En fin d'après-midi arrivait notre Maltais (aviateur dans la R.A.F.)
qui venait se saisir de tous les doubles, carbones et brouillons. Rien
ne devait traîner et tout était à détruire
par le feu, ce qu'il faisait dans un grand poêle installé
pour ce faire. Notre Maltais était, en dehors de cela, spécialiste
en marché noir : savonnettes, cigarettes, capotes anglaises, etc
jusqu'au jour où il se fit attraper et finit "au
trou" sa carrière d'homme d'affaires
Le 72e Starging Post partant pour le théâtre d'opération,
je fus ramenée en Alger à la direction du "Signal Center"
qui oeuvrait dans les locaux d'une compagnie pétrolière
rue Victor Hugo. Me voilà tombant dans les services du colonel
Burchett.
J'eus la joie de trouver un jour en attendant sur le trottoir d'en face,
mon ami Paulo Ursh. Il était tout beau en aviateur français
mais habillé impeccablement par les Américains chez qui
il venait de faire un stage de six mois de pilotage. Breveté pilote,
il était en permission de trois jours. A l'issue de ce séjour,
il partit faire son premier vol de bombardement, dont il ne revint jamais.
C'est à cette époque que notre amie Rosetteépousa
mon Lieutenant Wearing. Ils firent une grande fête, un beau mariage
de guerre. Rosette devint l'épouse de l'Attaché d'Ambassade
au Danemark. Nous étions très heureuses pour elle car sa
vie n'avait pas été douce jusqu'à présent.
Burchette s'était pris de boisson à cette occasion et ne
se montra pas à la hauteur des circonstances. Il fut même
parfaitement goujat. Et dire que c'est encore lui que je retrouvais comme
commandant le "Signal Center" de l'aérodrome de Rabat-Salé
quand je fus transférée d'Alger à Rabat mais, grâce
au ciel, mon poste fut lié à la "Room Operations":
merveilleux poste et bosses"
Avec ces évocations diverses, je me suis éloignée
de ma Route, pour de bon puisqu'en juin 1945 je partis avec mon équipe
de civils français : quatre filles en tout et un garçon.
J'étais la plus âgée, je venais d'avoir 21 ans, j'avais
le droit de vote et le devoir de voler de mes propres ailes, c'est à
dire gagner ma vie, ce que je faisais depuis deux ans déjà.

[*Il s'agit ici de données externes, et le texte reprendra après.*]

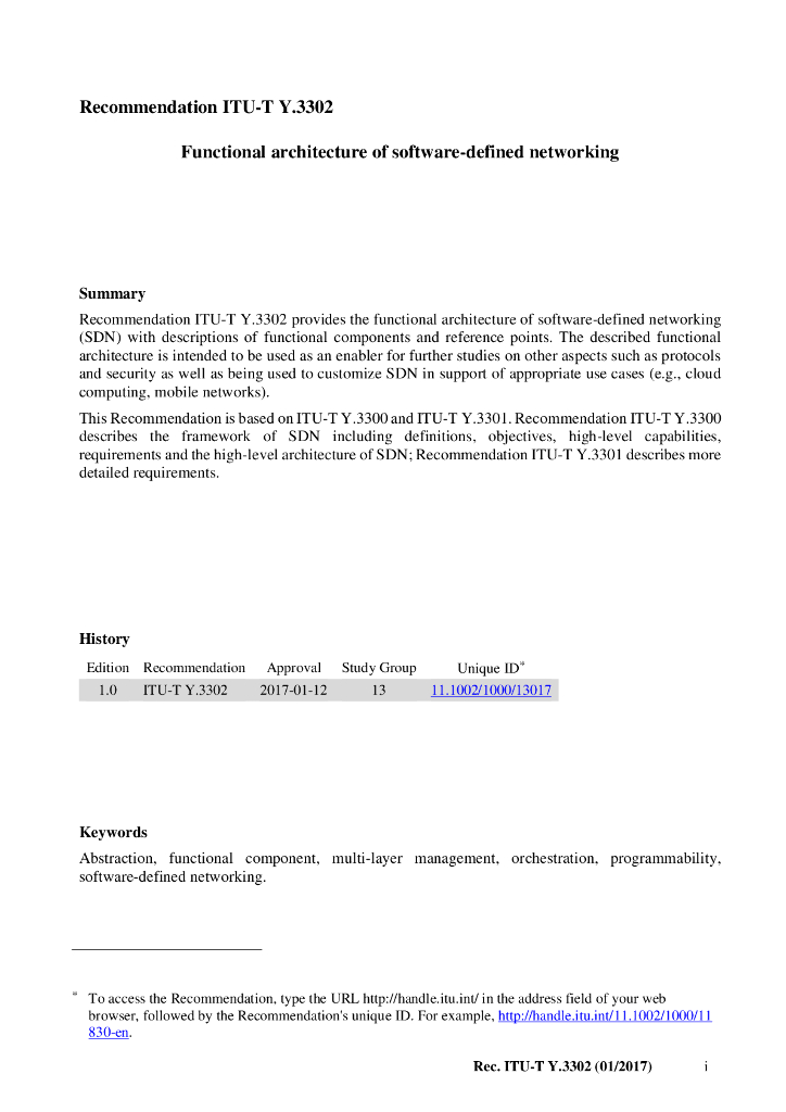 ITU-T Y.3302-2017 软件定义网络的功能架构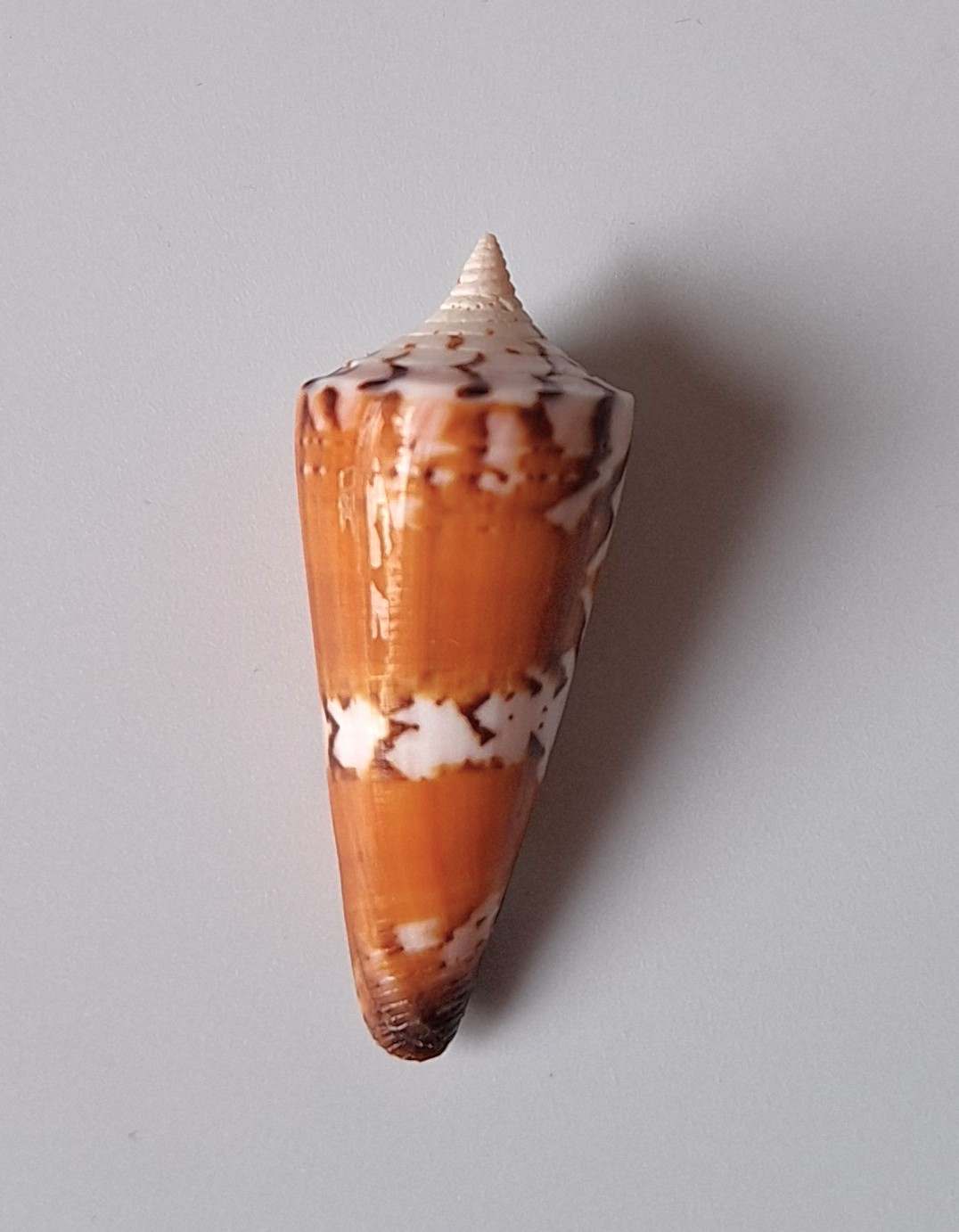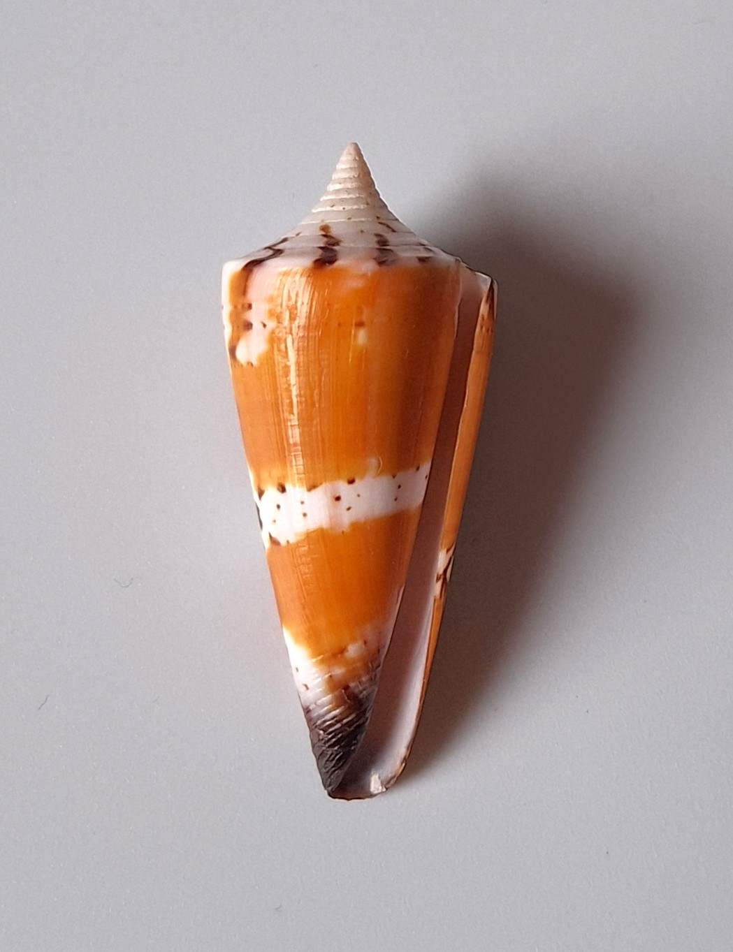 • krásný kus, nádherná barva a vzor, lehce štípnutý okraj, drobná zhojená jizva na horní straně, vyloven v hloubce 10 až 20 metrů (beautiful piece, very nice color and pattern, lightly chip on lip, minor healed scar on dorsum, taken by diving at a depth of 10 to 20 meters)

Eloignée de ma Route puisque ayant abouti à Rabat, je prenais
la mesure de la responsabilité entière de ma personne. La
guerre en Europe avait été fait l'objet d'un armistice le
8 mai 1945, mais la guerre n'était pas finie avec le Japon. La
bombe atomique d'Hiroshima y mit fin le 15 Août 1945. Pour moi ce
fut la fin de l'aventure. Je fus consciente du soulagement général
mais aussi de la monotonie de la vie qui m'attendait.